Your assignment:
Give again only what runs from the line with "[Sieger beim Jedermannlauf" to the final line of the entries below, exactly as written and without pictures.

Recorded data:
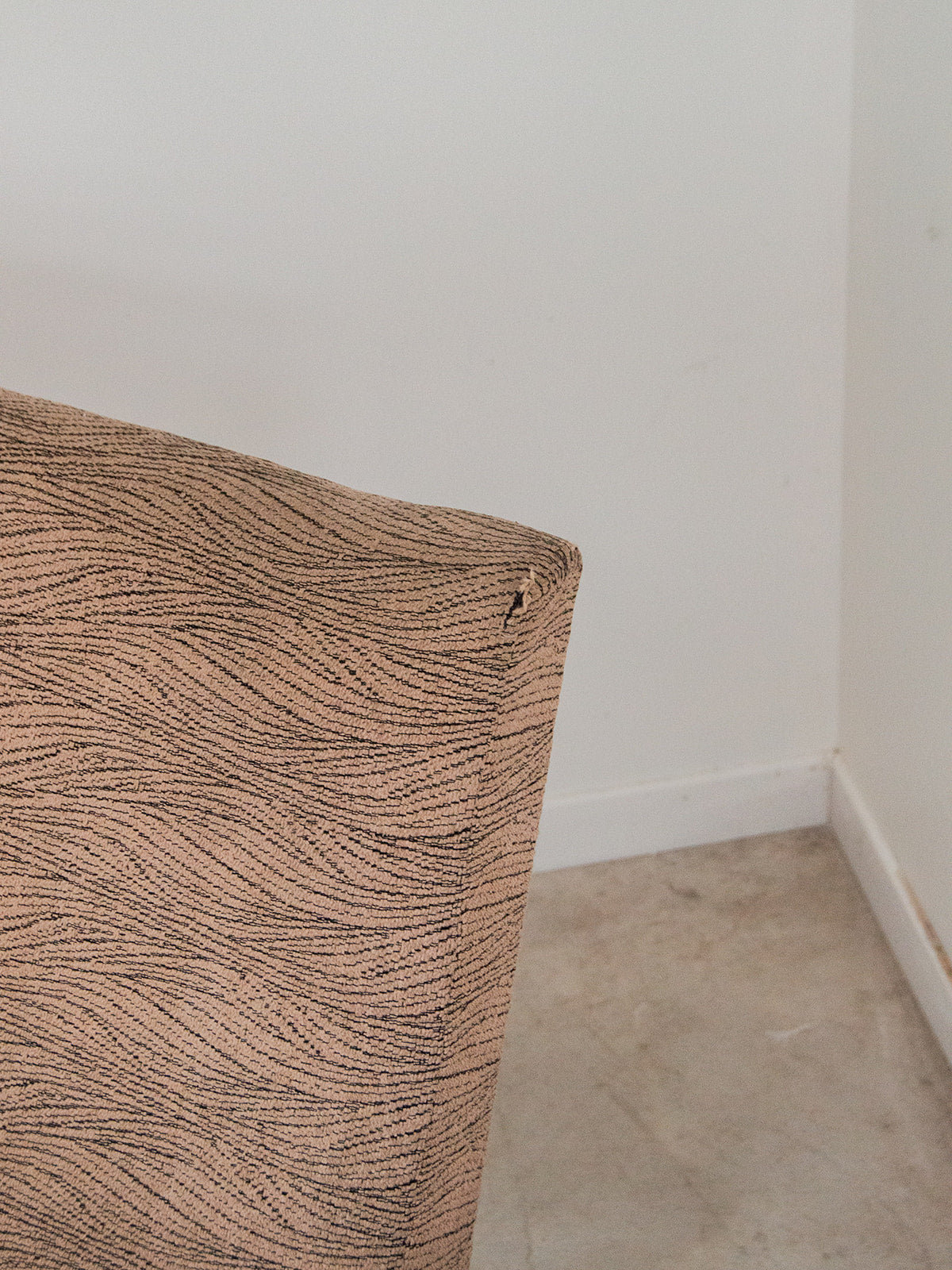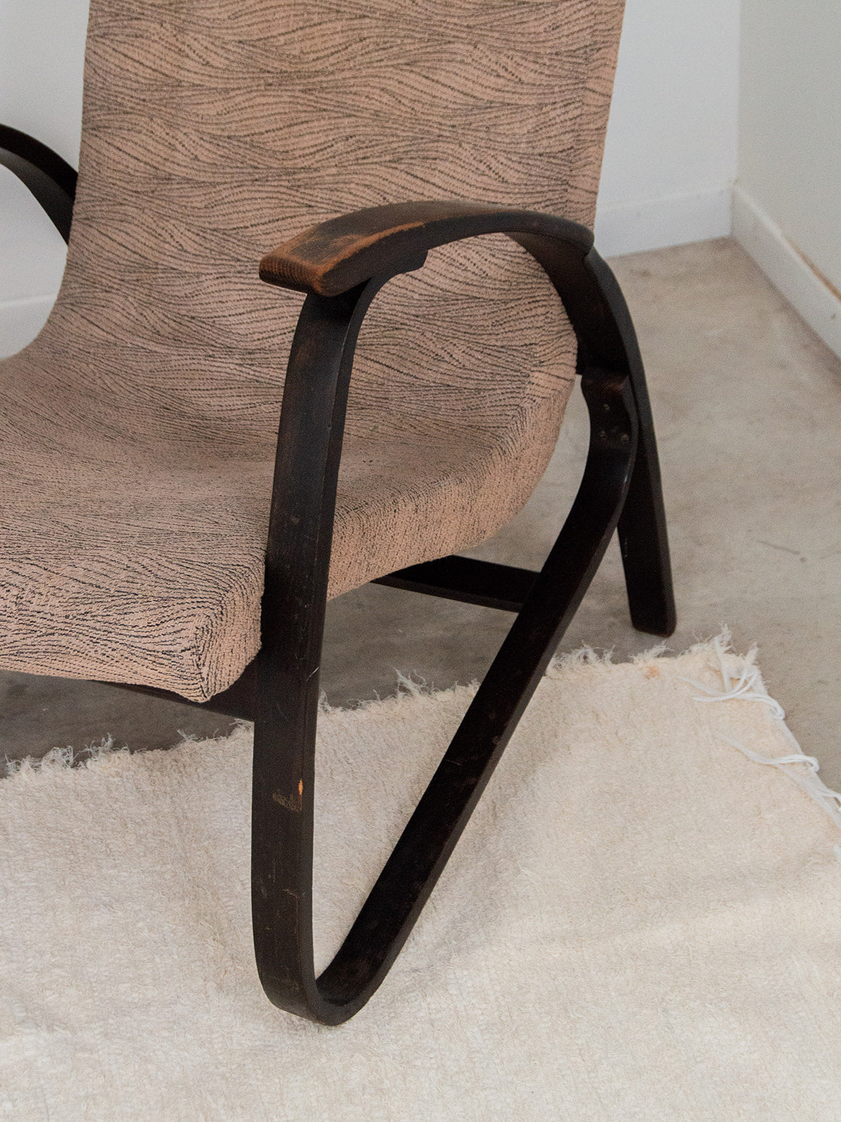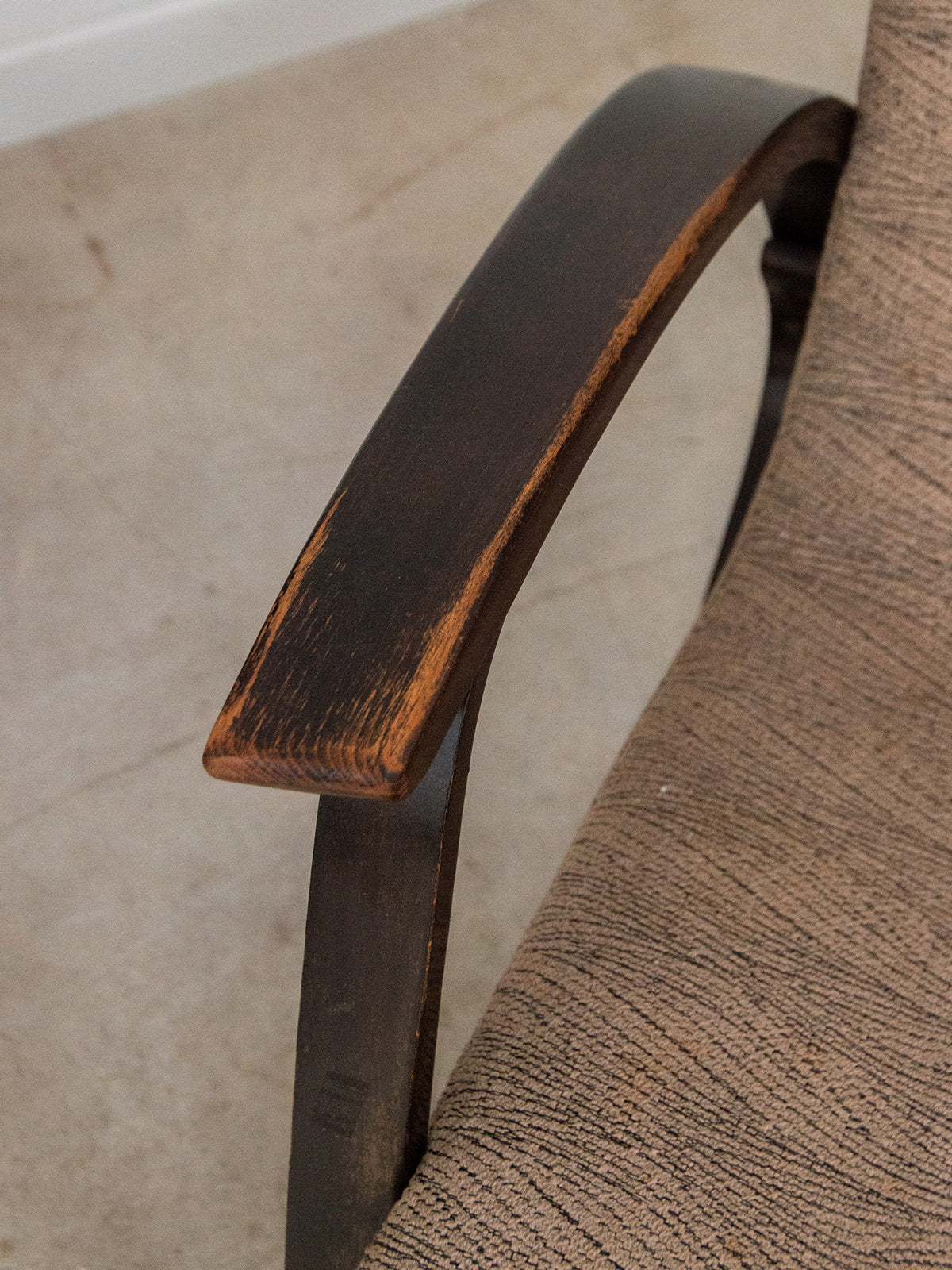 Découvrez ce fauteuil en bois foncé signé Jan Vanek, une pièce unique alliant confort et style. Bien que des traces d’usure sont présentes sur les accotoirs, son assise et son dossier en tissu continu beige/zébré apportent une touche d'élégance à votre intérieur. Idéal pour créer une ambiance chaleureuse, ce fauteuil s’intégrera parfaitement dans votre décoration. Offrez-vous un moment de détente dans ce mobilier au charme authentique.
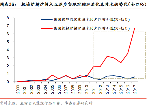 國際上機械爐排爐技術(shù)已經(jīng)非常成熟并且被廣泛使用,相比循環(huán)流化床技術(shù),機械爐排爐技術(shù)擁有單臺焚燒爐的垃圾處理量大、進料垃圾不需要進行預處理、對垃圾的成分要求低、污染物排放和灰渣熱灼減率等指標更易達標、燃燒狀態(tài)穩(wěn)定、運行成本低、年運行時間長、操作簡便等優(yōu)勢。而國內(nèi)2012年發(fā)布的《國家發(fā)展改革委關(guān)于完善垃圾焚燒發(fā)電價格政策的通知》和2014年發(fā)布的《生活垃圾焚燒污染控制標準》等政策也使得循環(huán)流化床技術(shù)的運行成本增加,因而近年來機械爐排爐技術(shù)正在逐步實現(xiàn)對循環(huán)流化床技術(shù)的替代。
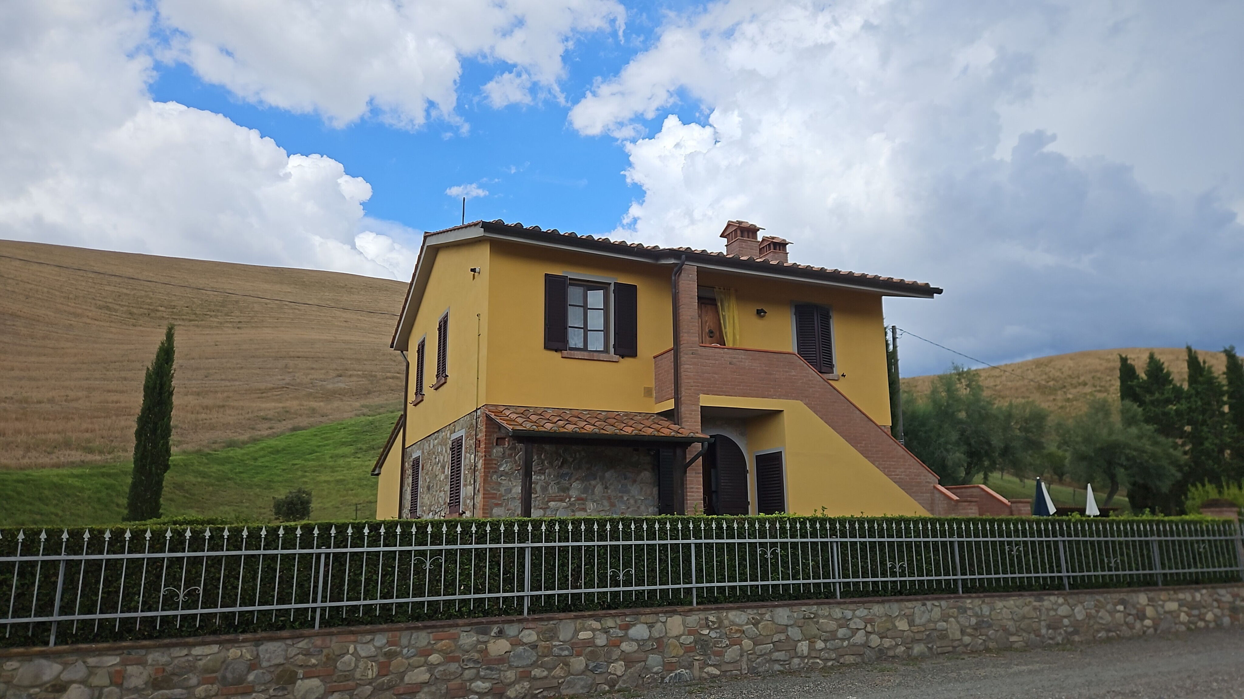 You will find the farmhouse in the tranquillity of the beautiful hills of the Alta Val di Cecina, with a beautiful view of endless, ever-changing natural landscapes. Soft green hills, expanses of golden cultivated fields and endless blue skies, all of which you can enjoy from the garden and your swimming pool. The perfect place, in our opinion, for an unforgettable holiday.
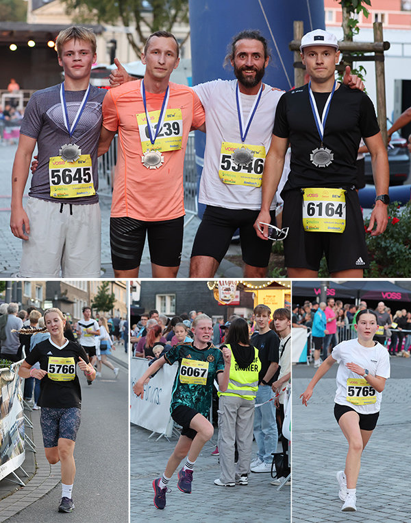 [Sieger beim Jedermannlauf über 4,5 Kilometer: Leonard Koch (4. Platz, oben v.li.), Nikita Zakhavchenko (2. Platz), Lukas Heinen (1. Platz) und Jacob Frey (3. Platz); Eva Jeschke (1. Platz, unten v.li.), Laura Klugmann (2. Platz) und Emma Hochstein (3. Platz).]
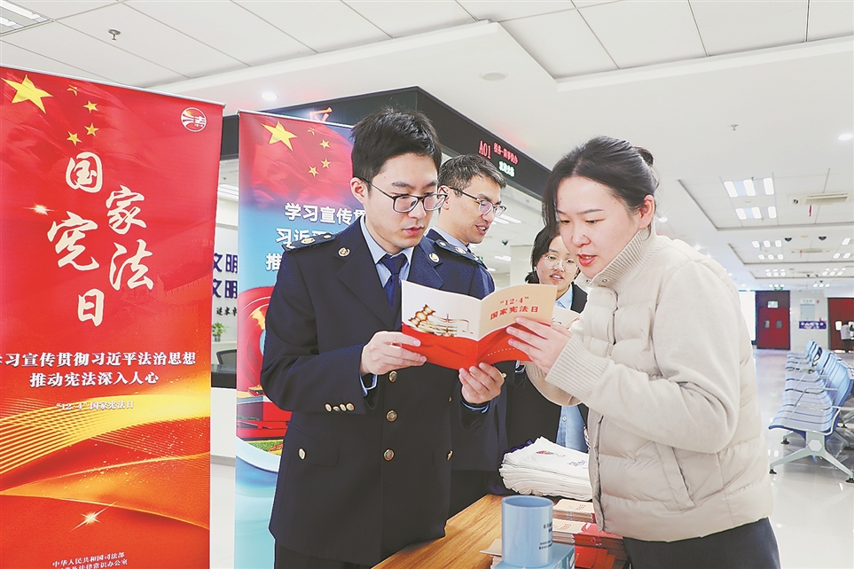 今年12月4日是第十二个国家宪法日,12月1日—7日是第八个“宪法宣传周”。各地税务部门组织开展富有税务特色的宪法主题宣传活动,推动税收法治观念深入人心。左图:国家税务总局宁波市鄞州区税务局联合当地中小学开展“‘宪’在出发、‘税’月同行”主题普法活动,通过情景剧、互动问答等形式宣传宪法精神和税法知识。右图:国家税务总局如东县税务局在办税服务厅开展“与宪同行”宪法集中宣讲活动,组织公职律师为纳税人缴费人讲解宪法和税法知识。 陈丽娜 永轩 张宇 摄

Solved problem:
 [Sieger beim Jedermannlauf über 4,5 Kilometer: Leonard Koch (4. Platz, oben v.li.), Nikita Zakhavchenko (2. Platz), Lukas Heinen (1. Platz) und Jacob Frey (3. Platz); Eva Jeschke (1. Platz, unten v.li.), Laura Klugmann (2. Platz) und Emma Hochstein (3. Platz).]
 今年12月4日是第十二个国家宪法日,12月1日—7日是第八个“宪法宣传周”。各地税务部门组织开展富有税务特色的宪法主题宣传活动,推动税收法治观念深入人心。左图:国家税务总局宁波市鄞州区税务局联合当地中小学开展“‘宪’在出发、‘税’月同行”主题普法活动,通过情景剧、互动问答等形式宣传宪法精神和税法知识。右图:国家税务总局如东县税务局在办税服务厅开展“与宪同行”宪法集中宣讲活动,组织公职律师为纳税人缴费人讲解宪法和税法知识。 陈丽娜 永轩 张宇 摄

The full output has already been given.